Anthropic reported finding 1,596 vulnerabilities in open-source software. As of May 2026, 97 have been patched. Discovery is now the easy part. Verification, triage, and patching are the bottleneck. CVE-Bench measures that bottleneck directly by asking agents to produce working fixes, not just identify issues.

The benchmark exposes the gap between agent coding demos and real-world security workflows. Most agent benchmarks test greenfield tasks or synthetic bugs. CVE-Bench uses real CVEs with real exploit tests. The agent must modify vulnerable code, pass hidden security tests, and avoid breaking existing functionality.

Benchmark Architecture

CVE-Bench runs each agent in a sandboxed container. The agent receives a CVE description, access to the vulnerable codebase, and a set of visible regression tests. The security tests remain hidden. The agent must produce a patch that fixes the vulnerability without seeing the exploit validation logic.

Sandboxing and Isolation

Each run executes in a fresh Docker container with:

Read-only access to the vulnerable codebase
Write access to a working directory for patches
Network isolation (no external API calls during fix generation)
Time limit of 10 minutes per CVE

The agent can read files, run tests, and modify code. It cannot see the hidden security test suite. This mirrors real-world conditions where developers do not have access to exploit PoCs during initial remediation.

Hidden Test Architecture

The benchmark separates visible regression tests from hidden security tests. Visible tests validate that the patch does not break existing functionality. Hidden tests validate that the patch actually closes the vulnerability.

This separation prevents agents from overfitting to exploit patterns. If the agent could see the security test, it could patch the specific attack vector without addressing the root cause. The hidden test architecture forces the agent to reason about the vulnerability class, not just the exploit.

Prompt Strategies

CVE-Bench tests three prompt types:

Full Advisory: The agent receives the complete CVE description, including vulnerability class, affected versions, and remediation guidance.
Locate: The agent receives only the vulnerability class and must locate the vulnerable code before fixing it.
Diagnose: The agent receives a minimal description and must diagnose the root cause before patching.

Each strategy changes the agent’s tool usage and reasoning path. Full advisory prompts produce faster fixes but sometimes miss edge cases. Locate prompts force more thorough code analysis. Diagnose prompts produce the most thorough reasoning but also the highest failure rate.

Scoring Methodology

A fix passes if:

All visible regression tests pass
All hidden security tests pass
The patch applies cleanly to the vulnerable version

A fix fails if:

Any regression test fails (breaks existing functionality)
Any security test fails (vulnerability remains exploitable)
The patch does not apply (syntax errors, wrong file paths)

The benchmark does not score partial fixes. A patch that reduces attack surface but leaves the vulnerability exploitable scores as a failure. This binary scoring reflects production reality: a partially fixed vulnerability is still a vulnerability.

Dangerous Failure Modes

The most operationally dangerous failure is a false positive fix. The agent modifies the right file, passes all visible tests, and reports success. But the vulnerability remains exploitable through a different code path.

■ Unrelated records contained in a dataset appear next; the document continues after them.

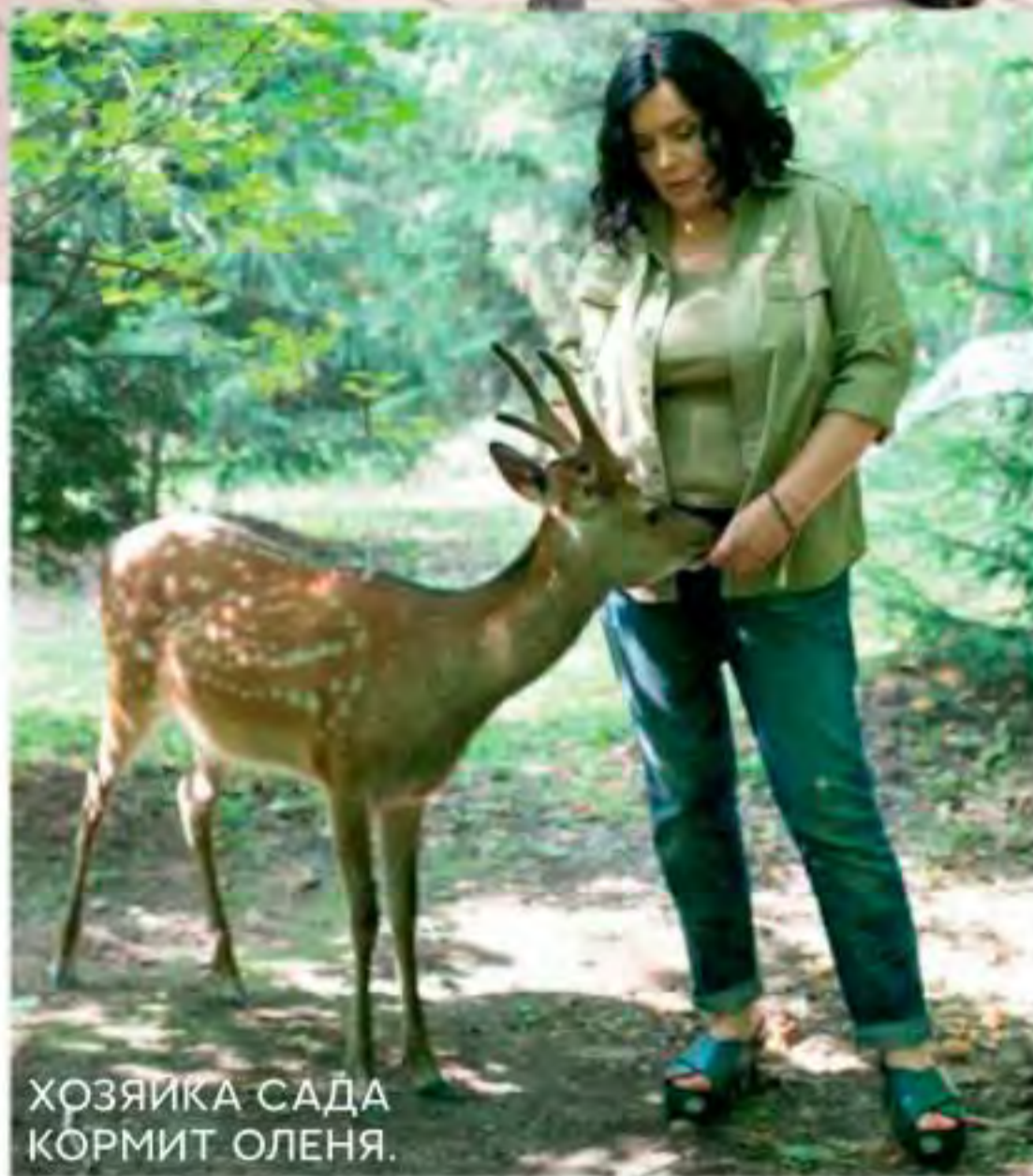
ХОЗЯЙКА САДА КОРМИТ ОЛЕНЯ.
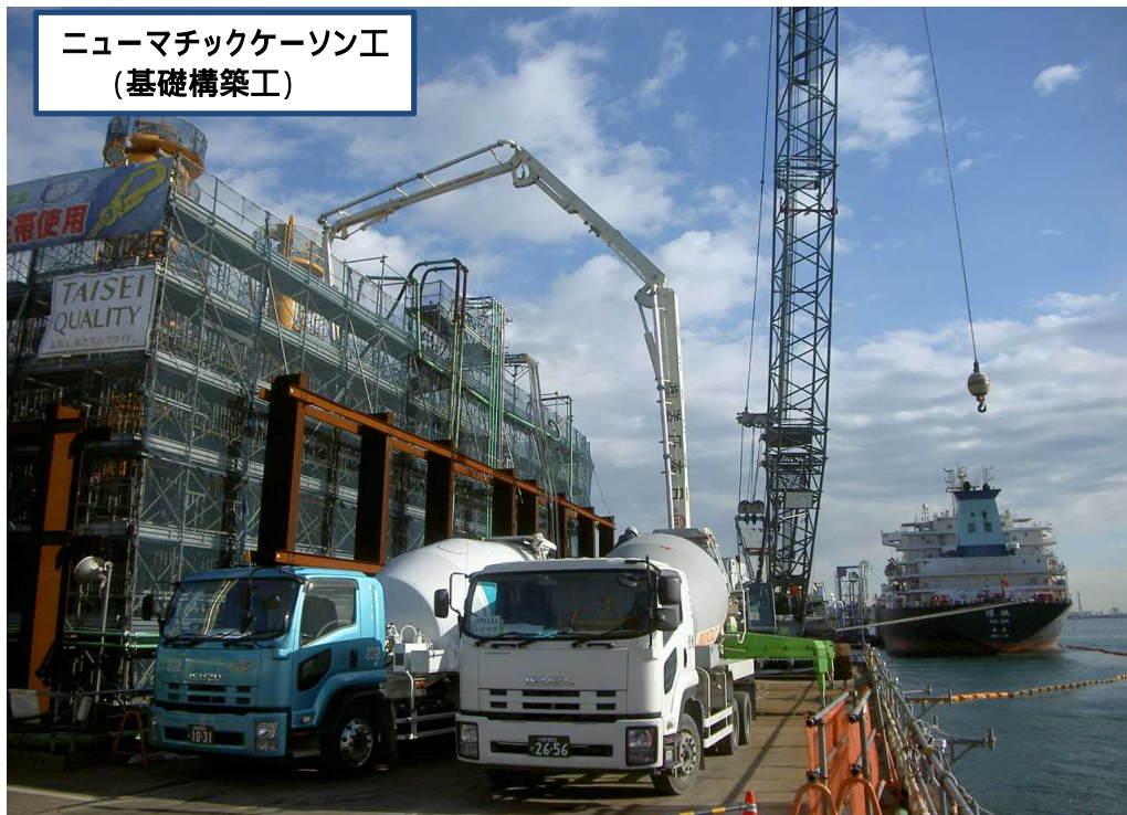
ニューマチックケーソン工 (基礎構築工)
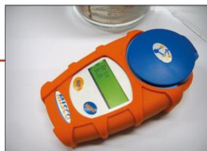
Obr. 4 – Digitální refraktometr s rozsahem měření 0 až 56 % Brix (hodnoty 0.0 – přístroj je nakalibrován a připravený k hodnocení kvality mleziva)
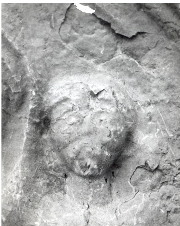
Slika 5a. Detalj reljefne predstave na nadgrobnom spomeniku Valerijana iz Municipija S....
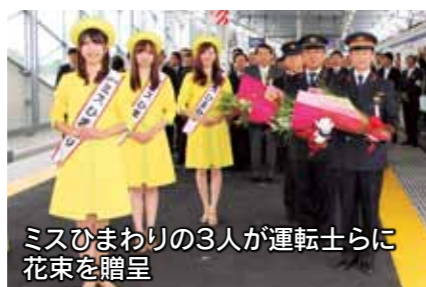
ミスひまわりの3人が運転士らに花束を贈呈
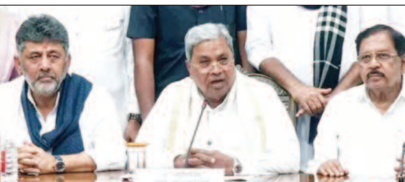
के तौर पर आगे बढ़ने का प्रस्ताव दिया है, जिस पर सिद्धरमैया ने भी सहमति जताई है। पार्टी के भीतर पिछले लंबे समय से नेतृत्व परिवर्तन को लेकर खींचतान चल रही थी, लेकिन अब हालात बदलते नजर आ रहे हैं। राहुल गांधी और सिद्धरमैया के बीच

नई दिल्ली/बंगलुरु, एजेंसी। कर्नाटक की राजनीति में बड़ा घटनाक्रम सामने आया है। मुख्यमंत्री पद से इस्तीफा देने के कुछ घंटों बाद ही पूर्व मुख्यमंत्री सिद्धरमैया ने साफ कर दिया है कि वे राज्यसभा नहीं जाएंगे और सक्रिय राजनीति में विधायक के रूप में ही बने रहेंगे।
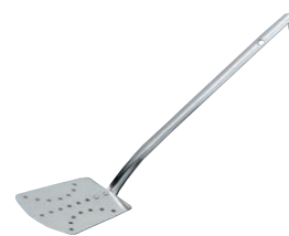
④エコクリーン 18-8ターナー
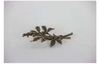
Lot n°58 Broche ornée de diamants entre 0.05 et 0.02ct. Poids...
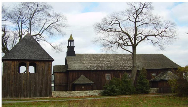
Fot. 3. Zabytkowy kościółek modrzewiowy w Czerniewicach. dnia 10.10. 2007 r.
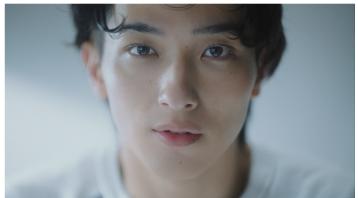
新CM「人生が動き出す_朝」篇（30秒）より
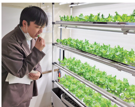
▲水耕栽培のレタスに興味津々
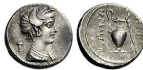
Variantes de RRC 405/4a
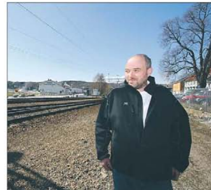
Fordele: – Jeg vil si at det er en fantastisk fordel med jernbanen i sentrum, sier
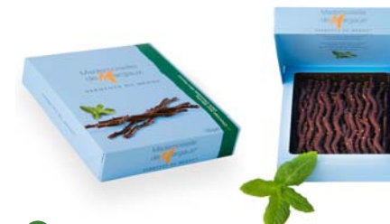
Mięta i ciemna czekolada, 125g netto Opakowanie zbiorcze: 12 szt. Nr ref. 0603-PL
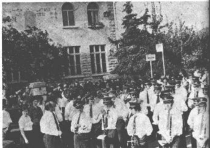
Na sredi med Grupado in Padričami je osnovna šola, ki se imenuje po partizanskem pesniku Kajuhu.
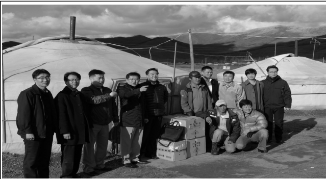
몽골 바가노르 지역병원에 의약품 전달

Example from the benchmark: an agent patched one branch of a conditional that checked user input. The patch added validation to the if branch but left the else branch untouched. All regression tests passed because they only exercised the if branch. The security test failed because the exploit used the else branch.

This failure mode is worse than an obvious crash or a refusal. It creates false confidence. A human reviewer sees passing tests and assumes the fix is complete. The vulnerability ships to production.

Results Across Models and Prompts

Model	Full Advisory	Locate	Diagnose	Overall
gpt-5.5	60%	50%	40%	50%
gpt-5.4-mini	55%	45%	35%	45%
gpt-5.4-nano	50%	40%	30%	40%
laguna-m.1	55%	45%	35%	45%
laguna-xs.2	50%	40%	30%	40%

The expensive models are statistically indistinguishable from cheaper alternatives within the same family. gpt-5.5 costs 12x more per run than gpt-5.4-nano but only improves solve rate by 10 percentage points. The cost-per-success ratio favors smaller models for bulk remediation workflows.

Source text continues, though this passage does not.